2. **Embedded templates.** `go:embed all:templates` compiles the templates into the binary. You download one file and it works offline, with nothing to install.
3. **Mechanical, not opinionated, validation.** The validator never asks for judgment: either the criterion starts with `WHEN` or it doesn't.
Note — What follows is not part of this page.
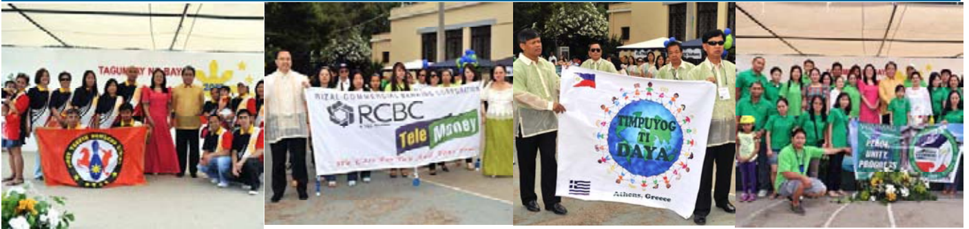
(From left to right) with Pinoy Tempins Bowlers in Athens (PTBA), RCBC Tele Money, Timluyog Ti Daya and Visayas Mindanao Migrants in Greece (VISMMAG).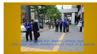
He understood that Sapporo citizens hope LCC enter service Okadama Airport result of a hearing

Deterministic → an agent can trust the exit code.
4. **Artifacts are plain text.** Everything becomes versionable markdown/JSON in `.claude/` and `specs/`. Review happens in the PR, with the tools the team already uses.
> The result: **the CLI never stops you from doing the right thing** — it stops you from doing the wrong thing *without making the decision visible*. Breaking a gate requires an explicit `--force`, and that shows up in history.
---
## What the validator catches
| Gate | Checks |
|------|--------|
| **spec · requirements** | Every criterion starts with WHEN/WHILE/IF/WHERE/THE SYSTEM · none uses `should` · `### Requirement N:` headers unique |
| **spec · design** | Boundary Map and File Structure Plan sections present · every requirement ID appears in the traceability table · `design.md` ≤ 1000 lines (else split the spec) |
| **spec · tasks** | Every leaf has `_Requirements:_` with real IDs · every `(P)` has a `_Boundary:_` that matches the design · no `(P)` pair shares a boundary |
| **skill · mcp · steering** | `SKILL.md` ≤ 500 lines / ~5k tokens, refs cited · mcp: exactly 1 transport (stdio **or** url) · steering: valid `inclusion`, fileMatch has a pattern |
**Exit codes:** `0` ok · `1` usage error · `2` validation failure. Scriptable in CI.
---
## Integration — native to Claude Code, no conversion layer
The workspace `csdd` writes **is** the layout Claude Code expects. `csdd init` bootstraps it and handles the wiring:
```
CLAUDE.md # entry point + steering imports
.claude/steering/*.md # @-referenced from CLAUDE.md
.claude/agents/*.md # sub-agents (Read, Grep…)
.claude/skills// # skill bundles
.claude/commands/ # slash commands (/csdd-commit)
.claude/hooks/ # deterministic automation
specs// # SDD contracts
.mcp.json # MCP servers
```
Creating a steering automatically inserts `@.claude/steering/` into a managed block of `CLAUDE.md` — idempotent, never clobbering manual edits.
**What the team gains:**
- **Zero friction with Claude Code.** Artifacts are read natively — no exporting or converting.
- **Review where we already work.** Specs and steering are text in a PR — diff, comment, approve.
- **Least privilege by default.** Sub-agents are born with `Read, Grep`; MCP with a restricted scope.
- **CI validates the contract.** A `csdd spec validate` in the pipeline blocks a broken spec before merge.
---
## Interop — export to Kiro / Codex
`csdd` is Claude Code-native, but the SDD artifacts aren't locked in. `csdd export`
converts the workspace to other agentic toolchains — a one-way, **additive** export
that lives alongside `.claude/` (nothing is overwritten in place):
```bash
csdd export kiro # → .kiro/steering/*.md + .kiro/specs//{requirements,design,tasks}.md
csdd export codex # → AGENTS.md (CLAUDE.md + steering inlined) + .codex/config.toml (MCP)
csdd export kiro --out ./build --force
```
- **Kiro** — steering frontmatter (`inclusion: always|fileMatch|manual|auto`, `fileMatchPattern`) is already Kiro-compatible, so steering copies verbatim; specs copy their SDD markdown (`spec.json` is dropped — Kiro tracks phase state in-IDE).
- **Codex** — Codex has no `@`-import, so the managed steering block in `CLAUDE.md` is replaced by the steering inlined into `AGENTS.md`; `.mcp.json` becomes `[mcp_servers.*]` tables in `.codex/config.toml`.
---
## Getting started
```bash
# build the binary
go build -o csdd .
# bootstrap a repo with baseline steering
csdd init --with-baseline
# take your first feature through to ready_for_implementation
csdd spec init my-feature
csdd spec generate my-feature --artifact requirements
```
**Takeaways:** The validator is your friend. The gate makes the decision *visible*. Contract before code — requirements → design → tasks, each approved by a human before the next. Always generate from a template; never hand-write frontmatter or `spec.json`. Least privilege everywhere.